急成長を続ける「フリーター集団」がある。

ソフトの不具合検出(デバッグ)サービスのデジタルハーツ。2008年11月末時点の正社員129人のうち、管理部門を除く業務系104人のほぼすべてがフリーター出身者。要となる不具合検出に携わるテスターに登録するアルバイト人材が約3000人おり、大半がゲーム好きの20代男性フリーターたちだ。

そもそも創業者の宮澤栄一社長兼CEO(36)をはじめ、創業メンバーすべてが元個人事業主と称するフリーターだった。宮澤社長は、大手音楽事務所でJポップの作詞をする傍ら、ゲーム音楽の作詞の仕事で開発会社に出入りし始めた。

当時、デバッグはゲーム開発の一部として「やっつけ」的に行う業務という性格が強く、大手ですら社内に体系的なノウハウの蓄積ができていなかった。宮澤社長はそこに着目、01年にデバッグのみを専門で請け負う会社を立ち上げた。

転機となったのは、会社設立の約3カ月後。新型ゲーム機「Xbox」向けソフトの大口の仕事が舞い込んだ。大急ぎでテスターの陣容を整える必要が生じ、アルバイト情報誌に「日本じゅうのゲーマー集まれ!」と題する「職歴不問」の募集広告を出した。面接には2日で300人が集まり、100人前後を採用。この仕事で実績をつくり、以後、ゲーム業界の名だたる主要各社に食い込んでいく。現在は年商20億円を突破、08年2月に株式公開も果たした。
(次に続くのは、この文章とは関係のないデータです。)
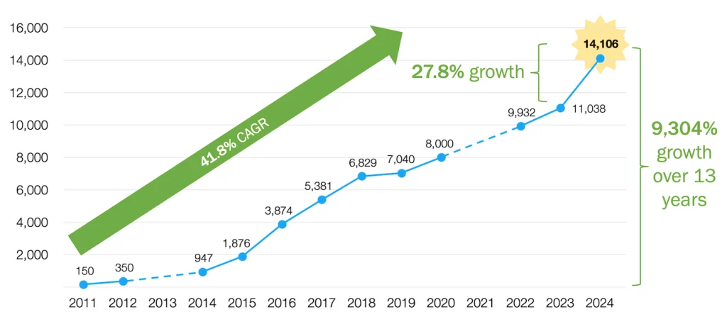 ตลอดระยะเวลากว่า 13 ปีที่ผ่านมา MarTech เริ่มจากการมีเครื่องมืออยู่ราวๆ 150 รายการ จนมาถึงตอนนี้ที่มีเครื่องมือกว่า 14,106 รายการ นับเป็นการเติบโตที่สูงถึง 9,304% และหากเทียบกับปี 2023 ปีนี้ MarTech เติบโตถึง 27.8% เลยทีเดียว
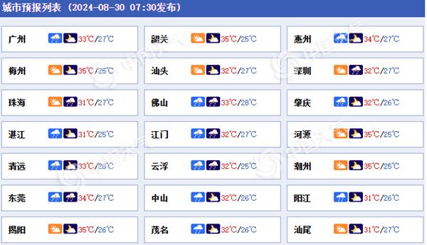 根據(jù)預(yù)報(bào),未來三天,廣東仍有雷雨來擾,部分地區(qū)將有高溫天氣,體感炎熱。具體來看,今明天,珠江三角洲南部和粵西市縣多云間陰天,有中雷雨,局部大雨或暴雨,其余市縣多云,有分散(雷)陣雨。粵西市縣最高氣溫30°C~33°C,其余市縣普遍介于33°C~35°C,部分市縣36°C~37°C。

当社が得意とするデバッグは、ユーザー視点で不具合を見つけ出す点が特徴だ。プログラムのスキルなどは不要だが、長時間連続で同じボタンを押し続けるなど単調な作業も多く、単なるゲーム好きでは務まらない。それでも多くの若者を引きつける理由の一つは、正社員へのキャリアパスが明示されていることだ。

通常アルバイトは、1週間のOJT研修後に週3~4日の登録制で採用される。その後「レギュラー採用」(時給もアップ)、「契約社員(準社員)」(時給さらにアップ)と階段を上り、そこから社員への道が開かれる。社員になるには早い人で約2年前後かかるというが、最近は「飛び級」的な制度もできている。川口兼一郎専務兼COO(30)は「客先からの信頼が重要なので、現場のたたき上げに社員になってもらったほうがいい」とその狙いを語る。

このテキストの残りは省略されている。